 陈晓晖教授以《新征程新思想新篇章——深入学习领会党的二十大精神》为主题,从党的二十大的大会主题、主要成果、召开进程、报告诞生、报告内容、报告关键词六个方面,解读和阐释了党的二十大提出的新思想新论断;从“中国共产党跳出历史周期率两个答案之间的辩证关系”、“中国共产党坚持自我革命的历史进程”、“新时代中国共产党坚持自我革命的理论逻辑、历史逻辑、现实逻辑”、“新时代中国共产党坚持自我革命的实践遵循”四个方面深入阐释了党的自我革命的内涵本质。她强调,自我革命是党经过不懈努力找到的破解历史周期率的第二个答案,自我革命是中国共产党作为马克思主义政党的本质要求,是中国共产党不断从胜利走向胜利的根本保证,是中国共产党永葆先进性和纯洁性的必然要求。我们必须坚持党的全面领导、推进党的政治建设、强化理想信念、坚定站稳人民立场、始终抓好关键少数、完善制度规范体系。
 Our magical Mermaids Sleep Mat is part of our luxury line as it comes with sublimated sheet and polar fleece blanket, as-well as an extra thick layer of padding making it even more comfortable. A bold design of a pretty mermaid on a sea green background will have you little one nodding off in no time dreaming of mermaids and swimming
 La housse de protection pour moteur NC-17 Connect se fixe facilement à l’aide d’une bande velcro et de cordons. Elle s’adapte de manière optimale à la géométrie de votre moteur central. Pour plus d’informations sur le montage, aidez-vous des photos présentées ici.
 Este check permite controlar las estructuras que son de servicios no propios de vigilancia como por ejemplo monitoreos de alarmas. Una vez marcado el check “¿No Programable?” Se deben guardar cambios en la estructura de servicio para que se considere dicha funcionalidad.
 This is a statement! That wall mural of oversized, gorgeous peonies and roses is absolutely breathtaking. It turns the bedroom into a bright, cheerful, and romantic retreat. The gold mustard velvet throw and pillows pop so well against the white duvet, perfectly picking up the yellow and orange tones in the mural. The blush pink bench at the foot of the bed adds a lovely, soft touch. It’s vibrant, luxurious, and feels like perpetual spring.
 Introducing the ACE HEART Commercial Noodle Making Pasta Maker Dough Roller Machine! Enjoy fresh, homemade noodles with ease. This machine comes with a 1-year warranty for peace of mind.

++++++++++

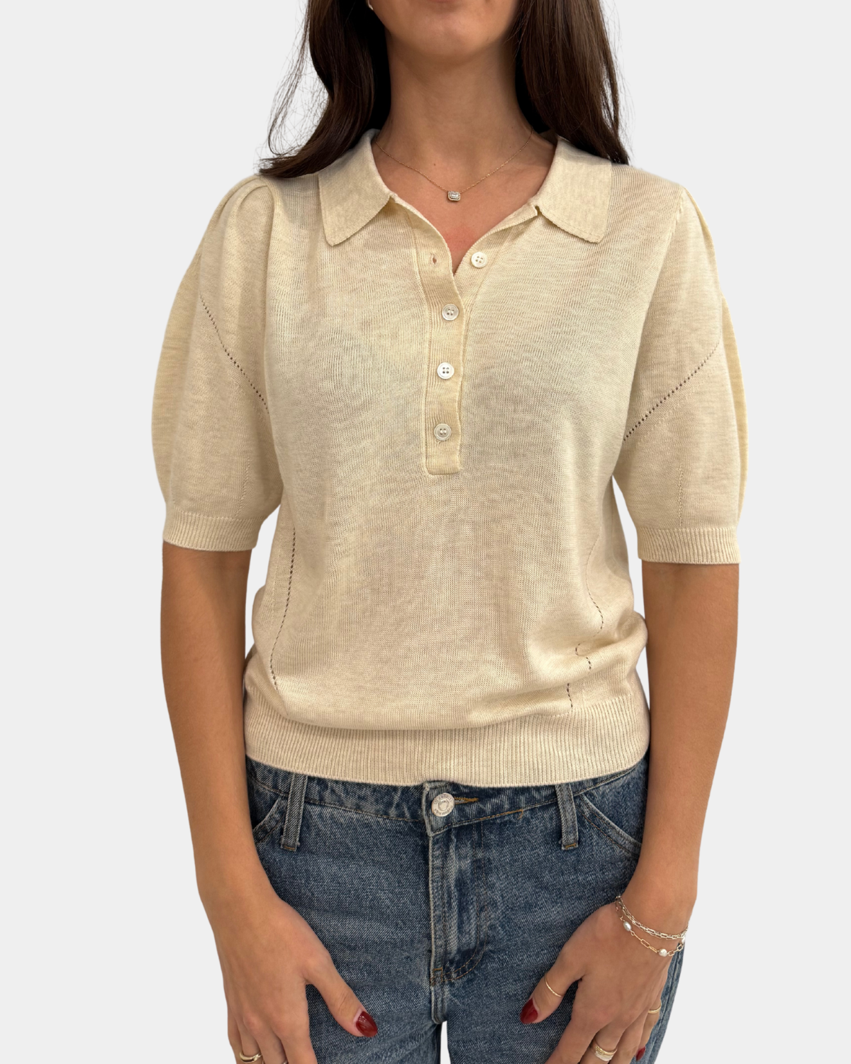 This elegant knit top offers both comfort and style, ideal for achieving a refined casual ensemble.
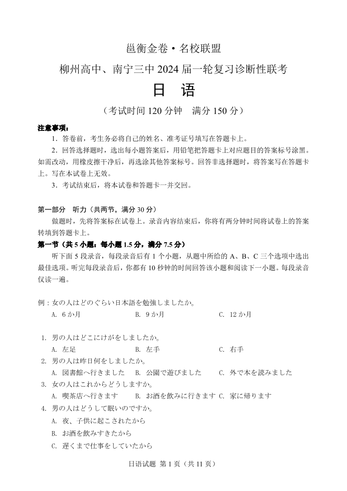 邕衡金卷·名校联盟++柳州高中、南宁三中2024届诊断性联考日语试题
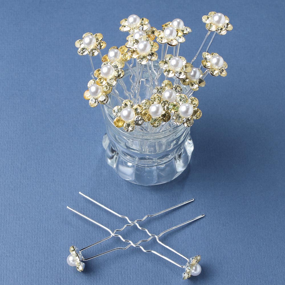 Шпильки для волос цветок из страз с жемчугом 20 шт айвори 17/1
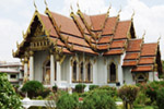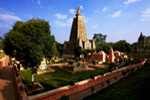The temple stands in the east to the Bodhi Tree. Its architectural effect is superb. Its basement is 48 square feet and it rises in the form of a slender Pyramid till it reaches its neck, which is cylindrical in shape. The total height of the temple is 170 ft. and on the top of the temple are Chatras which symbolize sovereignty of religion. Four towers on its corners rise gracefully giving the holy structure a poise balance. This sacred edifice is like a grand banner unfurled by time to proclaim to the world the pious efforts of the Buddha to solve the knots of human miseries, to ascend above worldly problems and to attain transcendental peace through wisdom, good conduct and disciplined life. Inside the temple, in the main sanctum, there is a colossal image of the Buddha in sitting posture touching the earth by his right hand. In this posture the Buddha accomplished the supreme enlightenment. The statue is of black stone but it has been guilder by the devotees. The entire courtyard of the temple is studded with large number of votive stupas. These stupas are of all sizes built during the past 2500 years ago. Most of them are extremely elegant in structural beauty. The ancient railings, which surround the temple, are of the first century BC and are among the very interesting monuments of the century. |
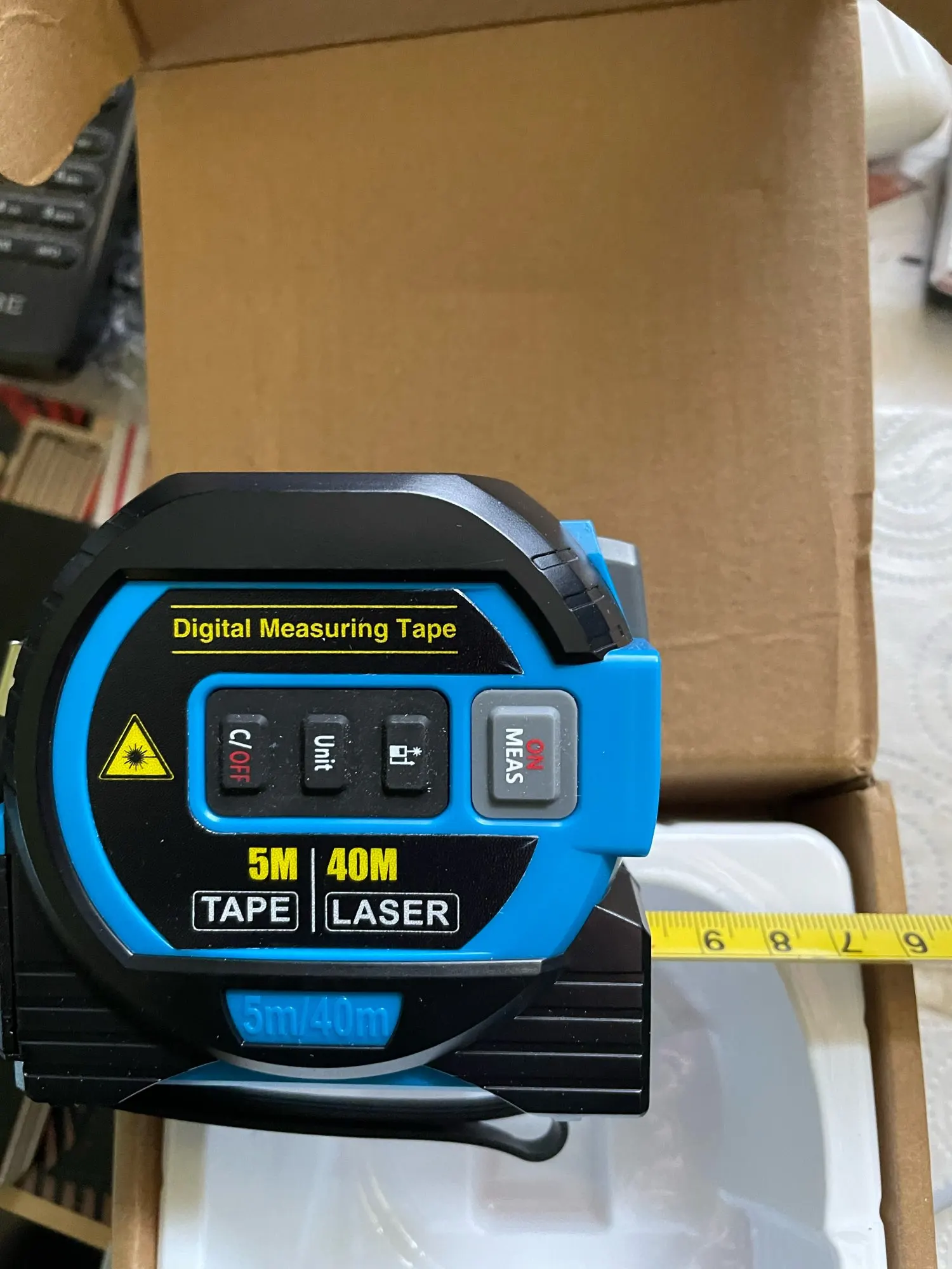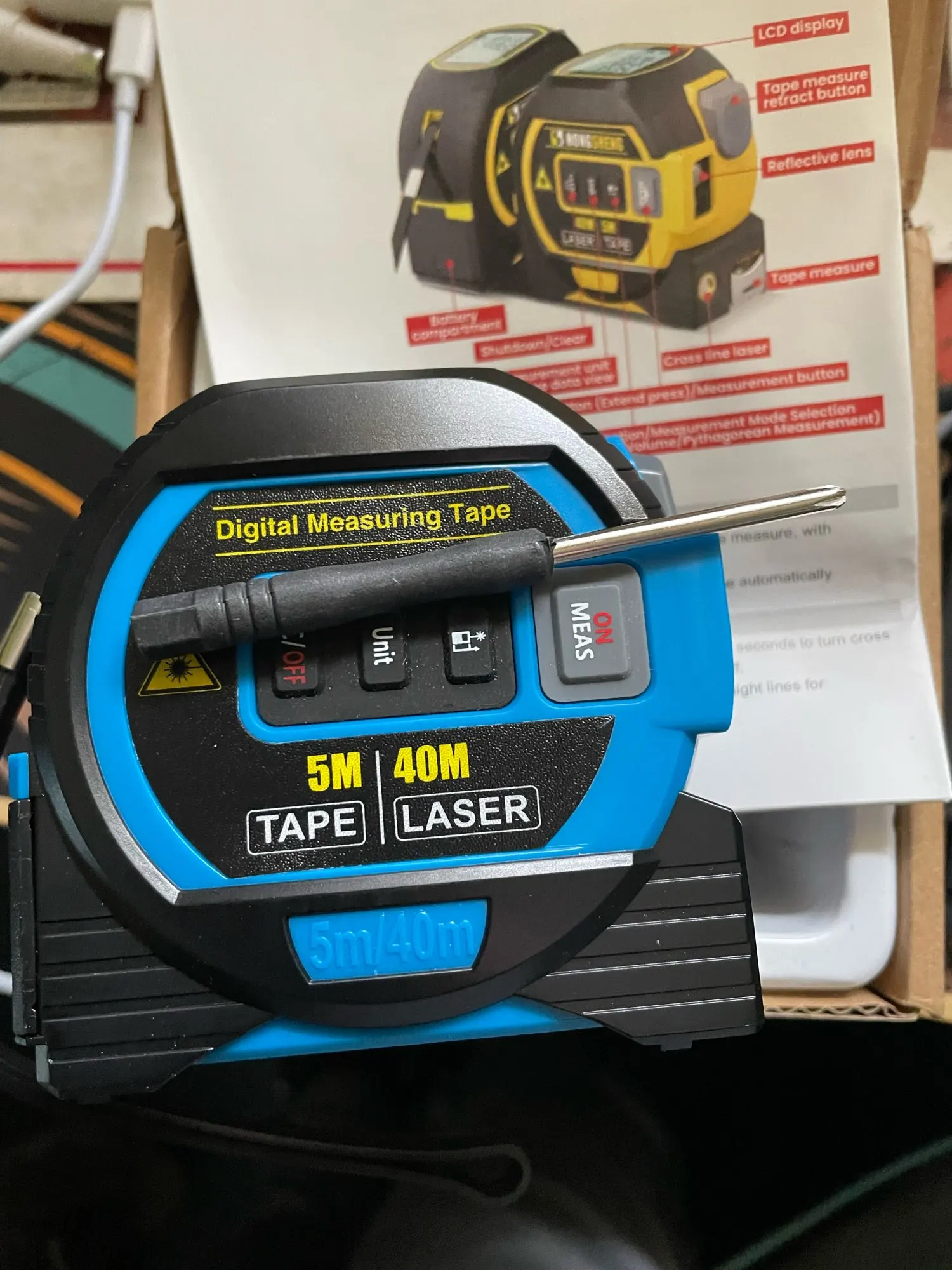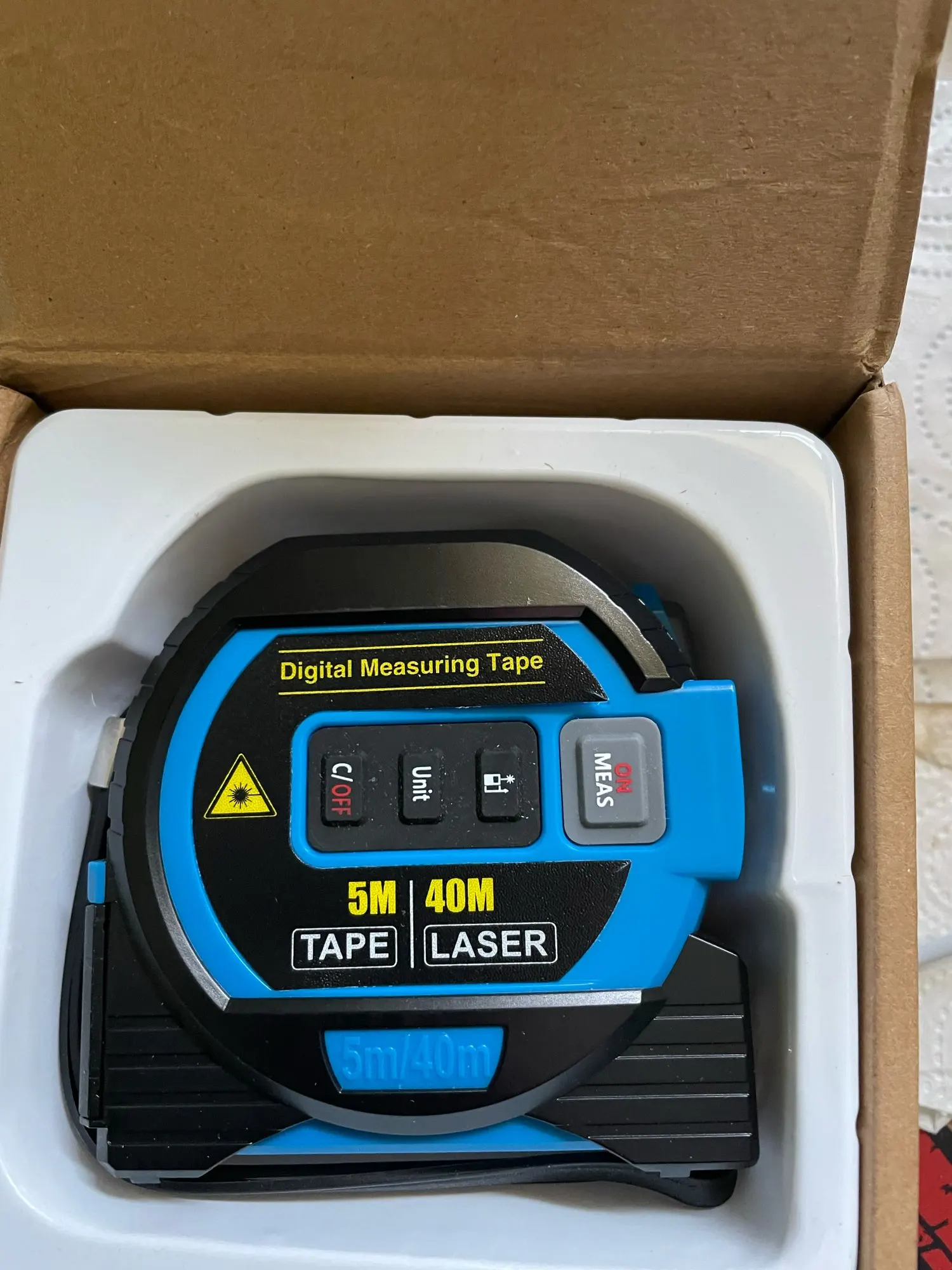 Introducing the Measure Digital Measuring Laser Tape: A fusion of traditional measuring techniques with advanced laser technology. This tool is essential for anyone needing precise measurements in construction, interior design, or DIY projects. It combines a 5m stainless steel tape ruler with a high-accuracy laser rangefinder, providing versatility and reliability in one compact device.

++++++++++

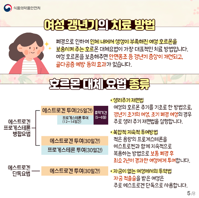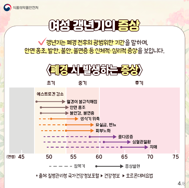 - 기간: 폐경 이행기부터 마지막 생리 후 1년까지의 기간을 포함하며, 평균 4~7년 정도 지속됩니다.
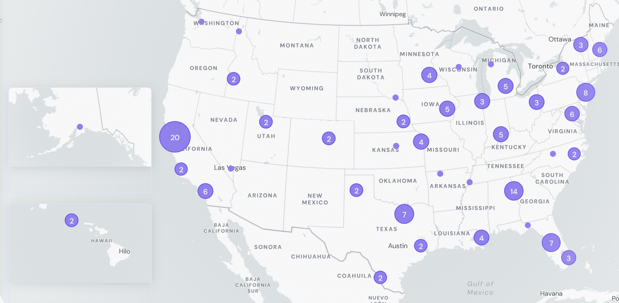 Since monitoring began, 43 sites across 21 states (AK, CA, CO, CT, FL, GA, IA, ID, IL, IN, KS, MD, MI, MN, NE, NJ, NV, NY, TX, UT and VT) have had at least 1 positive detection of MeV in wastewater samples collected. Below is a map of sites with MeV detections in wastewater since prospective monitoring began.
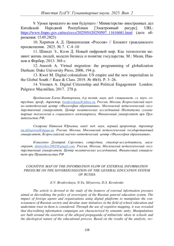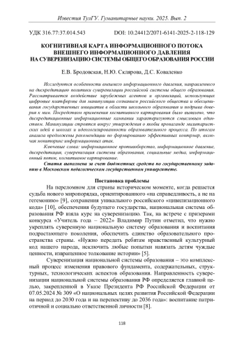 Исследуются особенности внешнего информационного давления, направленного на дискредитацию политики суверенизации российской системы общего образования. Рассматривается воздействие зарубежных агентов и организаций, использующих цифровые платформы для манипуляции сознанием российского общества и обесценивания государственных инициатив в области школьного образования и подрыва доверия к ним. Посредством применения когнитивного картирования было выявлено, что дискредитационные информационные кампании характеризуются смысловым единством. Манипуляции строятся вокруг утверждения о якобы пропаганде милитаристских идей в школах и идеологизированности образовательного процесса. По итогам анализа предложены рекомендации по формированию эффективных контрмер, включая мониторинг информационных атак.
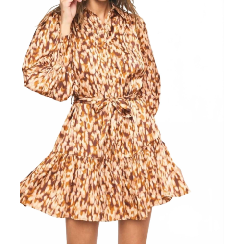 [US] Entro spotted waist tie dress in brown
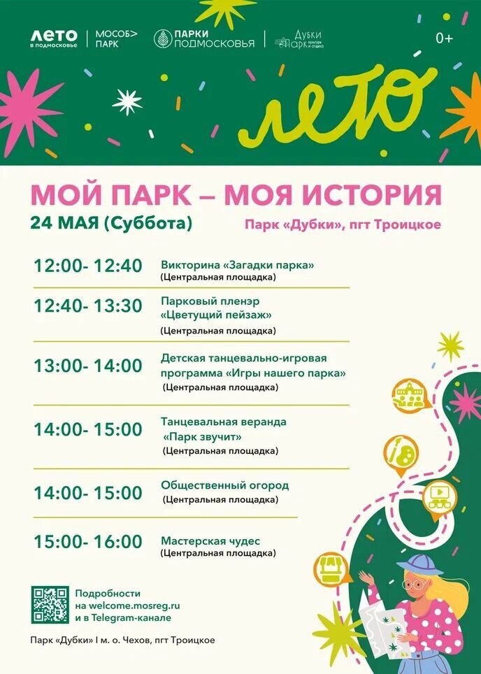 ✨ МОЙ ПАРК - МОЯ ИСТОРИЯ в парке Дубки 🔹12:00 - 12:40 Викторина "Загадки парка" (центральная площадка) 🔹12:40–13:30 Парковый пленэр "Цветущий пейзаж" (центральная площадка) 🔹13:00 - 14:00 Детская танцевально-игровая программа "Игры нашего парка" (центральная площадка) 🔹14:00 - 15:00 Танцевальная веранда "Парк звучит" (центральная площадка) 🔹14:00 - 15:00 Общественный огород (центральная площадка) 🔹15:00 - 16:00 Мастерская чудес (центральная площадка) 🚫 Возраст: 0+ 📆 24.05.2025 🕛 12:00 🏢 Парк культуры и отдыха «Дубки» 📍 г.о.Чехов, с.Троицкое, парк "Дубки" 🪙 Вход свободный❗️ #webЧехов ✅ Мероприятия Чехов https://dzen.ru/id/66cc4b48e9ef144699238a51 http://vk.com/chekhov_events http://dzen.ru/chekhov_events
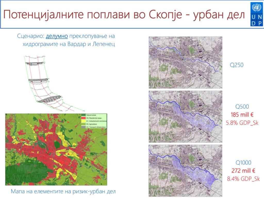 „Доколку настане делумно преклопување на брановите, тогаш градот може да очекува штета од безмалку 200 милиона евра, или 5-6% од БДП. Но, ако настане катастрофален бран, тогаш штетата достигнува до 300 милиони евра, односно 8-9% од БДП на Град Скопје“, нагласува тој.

++++++++++

◆ **YOUR OBJECTIVE**
Return, exactly as they stand, the lines above from the one with "邕衡金卷·名校联盟++柳州高中、南宁三中2024届诊断性联考日语试题" to the one with "Шпильки для волос", omitting any pictures among them.

◆ **SOLUTION BELOW**
 邕衡金卷·名校联盟++柳州高中、南宁三中2024届诊断性联考日语试题
 Шпильки для волос цветок из страз с жемчугом 20 шт айвори 17/1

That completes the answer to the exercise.